- _DATA UNDER STUDY_
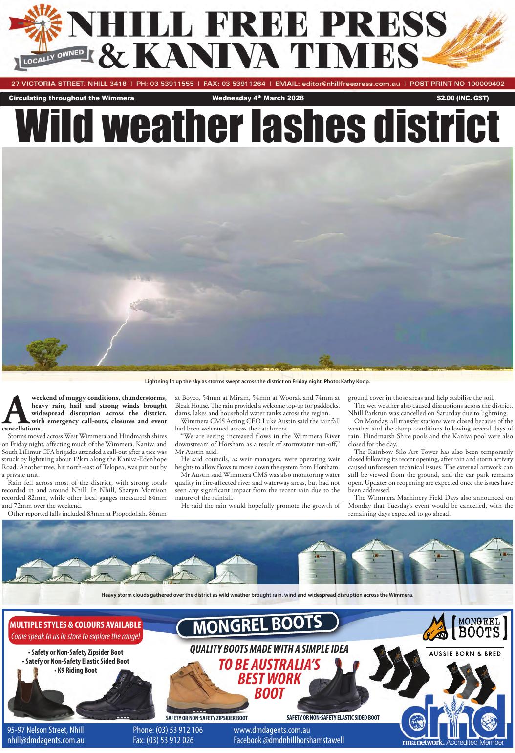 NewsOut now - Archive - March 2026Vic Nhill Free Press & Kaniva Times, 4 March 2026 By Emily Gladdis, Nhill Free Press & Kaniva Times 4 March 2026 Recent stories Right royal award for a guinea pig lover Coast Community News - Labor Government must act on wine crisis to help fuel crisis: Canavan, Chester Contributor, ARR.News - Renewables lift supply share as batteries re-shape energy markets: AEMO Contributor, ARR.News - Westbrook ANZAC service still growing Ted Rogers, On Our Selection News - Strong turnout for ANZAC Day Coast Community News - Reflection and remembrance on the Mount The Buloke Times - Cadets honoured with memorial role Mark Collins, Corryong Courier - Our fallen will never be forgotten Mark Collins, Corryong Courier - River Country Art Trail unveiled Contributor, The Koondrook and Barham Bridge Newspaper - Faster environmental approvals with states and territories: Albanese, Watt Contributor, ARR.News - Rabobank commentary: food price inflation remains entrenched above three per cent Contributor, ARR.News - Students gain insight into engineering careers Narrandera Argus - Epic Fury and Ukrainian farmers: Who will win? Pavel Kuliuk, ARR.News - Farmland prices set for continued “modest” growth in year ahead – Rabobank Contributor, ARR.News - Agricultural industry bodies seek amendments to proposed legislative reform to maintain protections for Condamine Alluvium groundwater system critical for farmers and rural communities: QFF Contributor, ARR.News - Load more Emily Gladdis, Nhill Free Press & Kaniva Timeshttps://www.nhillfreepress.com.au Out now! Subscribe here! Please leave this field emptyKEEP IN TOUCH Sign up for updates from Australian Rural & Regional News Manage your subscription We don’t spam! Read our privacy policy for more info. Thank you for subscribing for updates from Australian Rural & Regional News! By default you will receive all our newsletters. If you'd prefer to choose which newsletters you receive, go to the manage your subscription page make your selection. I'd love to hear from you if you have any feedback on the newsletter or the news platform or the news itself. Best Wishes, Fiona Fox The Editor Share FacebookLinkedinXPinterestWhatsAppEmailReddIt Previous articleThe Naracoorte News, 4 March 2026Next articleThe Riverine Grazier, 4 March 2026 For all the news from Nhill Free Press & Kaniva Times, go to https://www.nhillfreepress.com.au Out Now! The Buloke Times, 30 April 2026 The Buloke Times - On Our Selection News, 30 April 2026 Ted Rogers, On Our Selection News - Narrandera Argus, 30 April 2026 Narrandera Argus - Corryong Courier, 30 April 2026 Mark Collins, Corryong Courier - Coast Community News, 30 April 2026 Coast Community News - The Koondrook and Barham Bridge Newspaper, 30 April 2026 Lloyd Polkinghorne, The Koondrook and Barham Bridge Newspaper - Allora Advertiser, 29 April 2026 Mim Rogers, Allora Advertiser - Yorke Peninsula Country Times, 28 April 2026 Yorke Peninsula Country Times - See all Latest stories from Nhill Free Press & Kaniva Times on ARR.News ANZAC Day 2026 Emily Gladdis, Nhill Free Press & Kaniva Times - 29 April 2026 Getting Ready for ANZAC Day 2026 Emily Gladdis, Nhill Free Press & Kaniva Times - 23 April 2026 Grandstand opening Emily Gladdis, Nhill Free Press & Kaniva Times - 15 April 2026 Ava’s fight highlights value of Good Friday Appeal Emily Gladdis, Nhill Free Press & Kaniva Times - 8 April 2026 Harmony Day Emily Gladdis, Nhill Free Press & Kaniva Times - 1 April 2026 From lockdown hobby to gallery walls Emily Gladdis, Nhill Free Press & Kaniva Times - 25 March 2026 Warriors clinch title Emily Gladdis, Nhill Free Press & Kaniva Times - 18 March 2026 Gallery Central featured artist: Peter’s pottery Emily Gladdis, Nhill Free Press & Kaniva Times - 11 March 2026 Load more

--

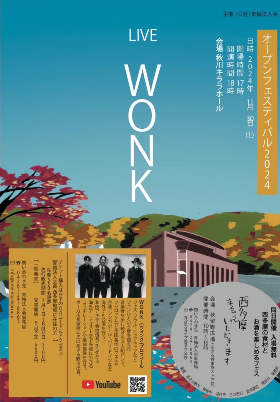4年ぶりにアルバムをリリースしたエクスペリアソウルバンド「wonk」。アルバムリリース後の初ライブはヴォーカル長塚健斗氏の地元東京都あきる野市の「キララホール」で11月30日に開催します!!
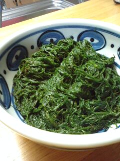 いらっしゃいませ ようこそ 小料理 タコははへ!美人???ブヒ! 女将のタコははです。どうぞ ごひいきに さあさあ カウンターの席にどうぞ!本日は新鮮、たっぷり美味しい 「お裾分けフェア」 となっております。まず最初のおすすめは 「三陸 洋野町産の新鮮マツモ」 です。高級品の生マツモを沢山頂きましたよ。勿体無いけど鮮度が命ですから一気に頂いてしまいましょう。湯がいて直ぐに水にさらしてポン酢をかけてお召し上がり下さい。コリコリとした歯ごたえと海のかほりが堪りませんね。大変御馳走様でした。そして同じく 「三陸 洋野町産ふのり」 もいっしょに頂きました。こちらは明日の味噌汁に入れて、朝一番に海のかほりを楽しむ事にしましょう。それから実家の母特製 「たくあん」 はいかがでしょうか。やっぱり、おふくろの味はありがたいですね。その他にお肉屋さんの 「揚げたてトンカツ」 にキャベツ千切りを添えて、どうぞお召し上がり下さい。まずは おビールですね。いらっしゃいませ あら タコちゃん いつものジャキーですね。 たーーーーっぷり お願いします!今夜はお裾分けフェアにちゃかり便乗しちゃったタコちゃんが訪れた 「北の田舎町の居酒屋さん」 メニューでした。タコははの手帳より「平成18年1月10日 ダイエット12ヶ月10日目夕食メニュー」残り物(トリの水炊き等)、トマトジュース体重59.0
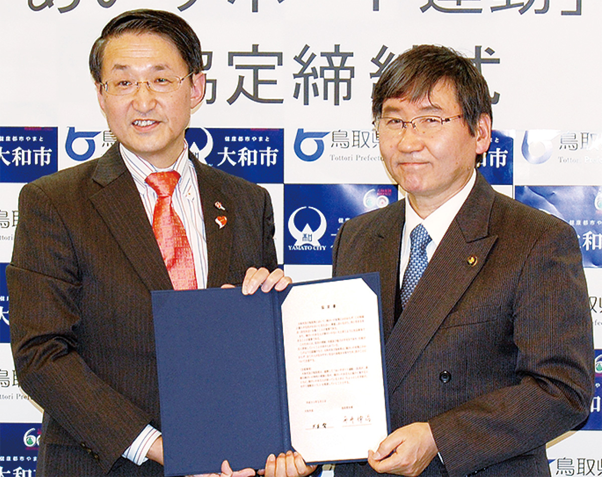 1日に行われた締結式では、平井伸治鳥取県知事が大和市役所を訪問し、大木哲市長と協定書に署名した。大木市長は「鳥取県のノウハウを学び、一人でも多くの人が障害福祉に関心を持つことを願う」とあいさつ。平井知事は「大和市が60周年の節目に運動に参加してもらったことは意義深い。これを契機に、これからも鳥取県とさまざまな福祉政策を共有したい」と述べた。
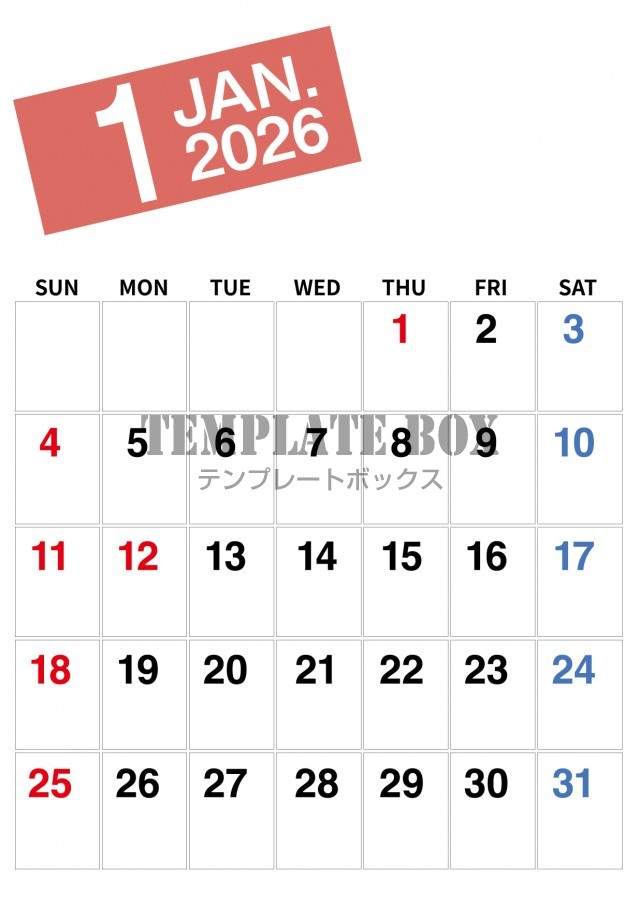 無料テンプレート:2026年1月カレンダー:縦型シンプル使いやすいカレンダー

* * *

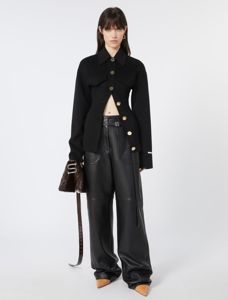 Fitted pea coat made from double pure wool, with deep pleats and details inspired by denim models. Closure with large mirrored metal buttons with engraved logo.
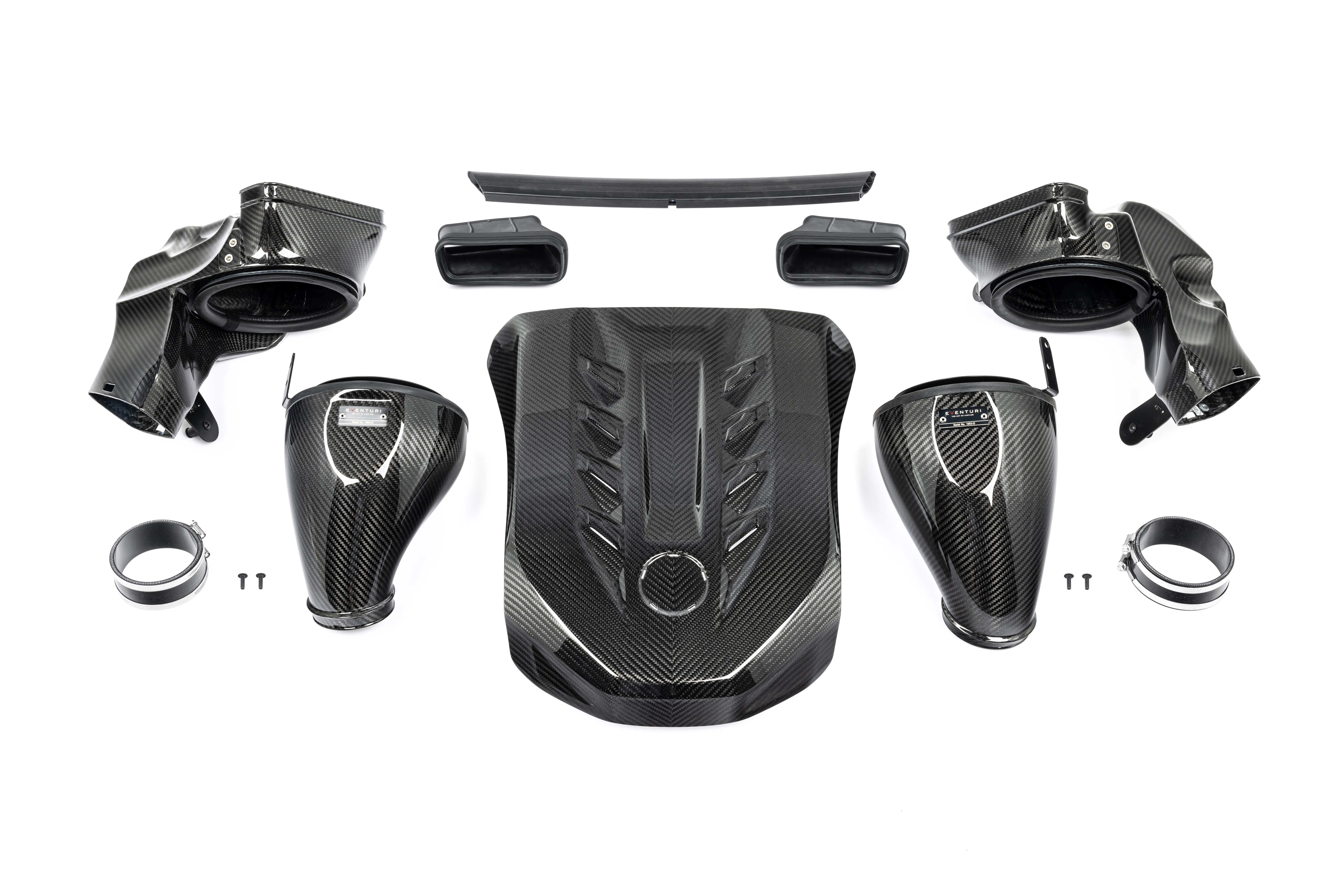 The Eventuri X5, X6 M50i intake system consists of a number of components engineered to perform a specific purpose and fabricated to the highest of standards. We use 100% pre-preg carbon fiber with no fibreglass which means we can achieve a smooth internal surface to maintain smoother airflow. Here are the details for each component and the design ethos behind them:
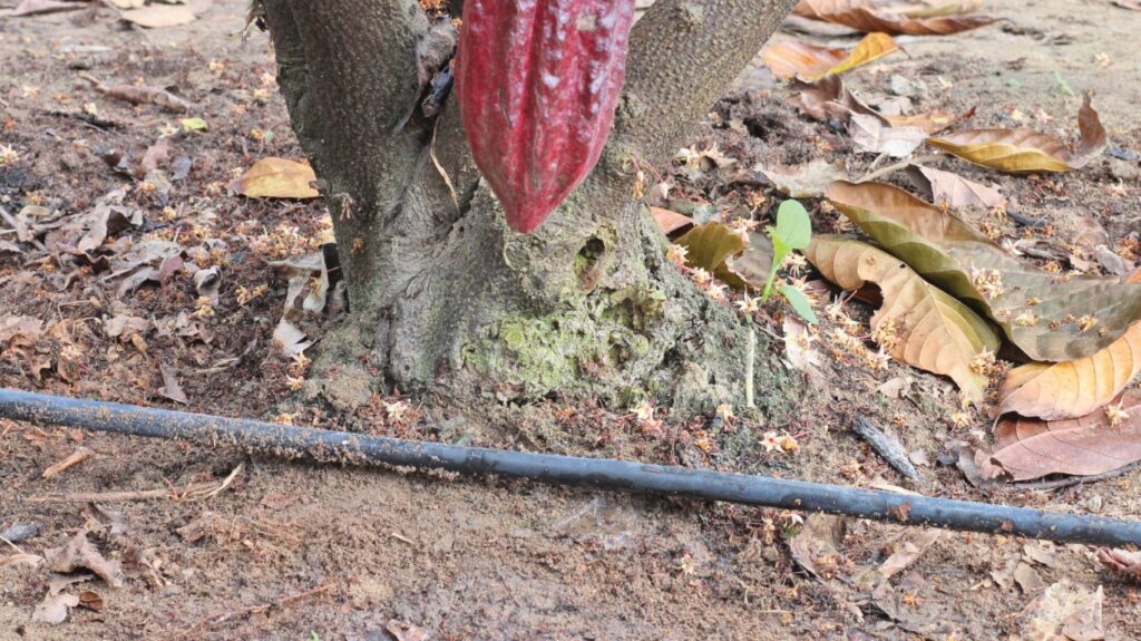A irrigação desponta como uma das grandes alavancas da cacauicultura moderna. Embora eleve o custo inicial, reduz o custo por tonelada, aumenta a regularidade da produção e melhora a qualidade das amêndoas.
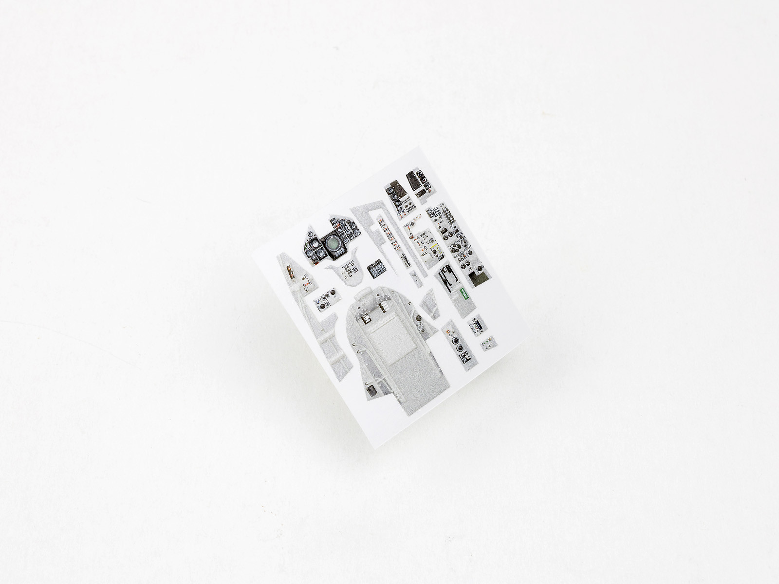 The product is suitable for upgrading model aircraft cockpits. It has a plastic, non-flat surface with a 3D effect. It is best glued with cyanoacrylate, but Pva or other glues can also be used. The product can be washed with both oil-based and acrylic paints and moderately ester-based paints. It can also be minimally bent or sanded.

- _TASK BRIEF_
In the entries above, which lines run from the one with "Fitted pea coat" up to and including the one with "The product is"? Write them out exactly, without the pictures.

- _RESULT_
 Fitted pea coat made from double pure wool, with deep pleats and details inspired by denim models. Closure with large mirrored metal buttons with engraved logo.
 The Eventuri X5, X6 M50i intake system consists of a number of components engineered to perform a specific purpose and fabricated to the highest of standards. We use 100% pre-preg carbon fiber with no fibreglass which means we can achieve a smooth internal surface to maintain smoother airflow. Here are the details for each component and the design ethos behind them:
A irrigação desponta como uma das grandes alavancas da cacauicultura moderna. Embora eleve o custo inicial, reduz o custo por tonelada, aumenta a regularidade da produção e melhora a qualidade das amêndoas.
 The product is suitable for upgrading model aircraft cockpits. It has a plastic, non-flat surface with a 3D effect. It is best glued with cyanoacrylate, but Pva or other glues can also be used. The product can be washed with both oil-based and acrylic paints and moderately ester-based paints. It can also be minimally bent or sanded.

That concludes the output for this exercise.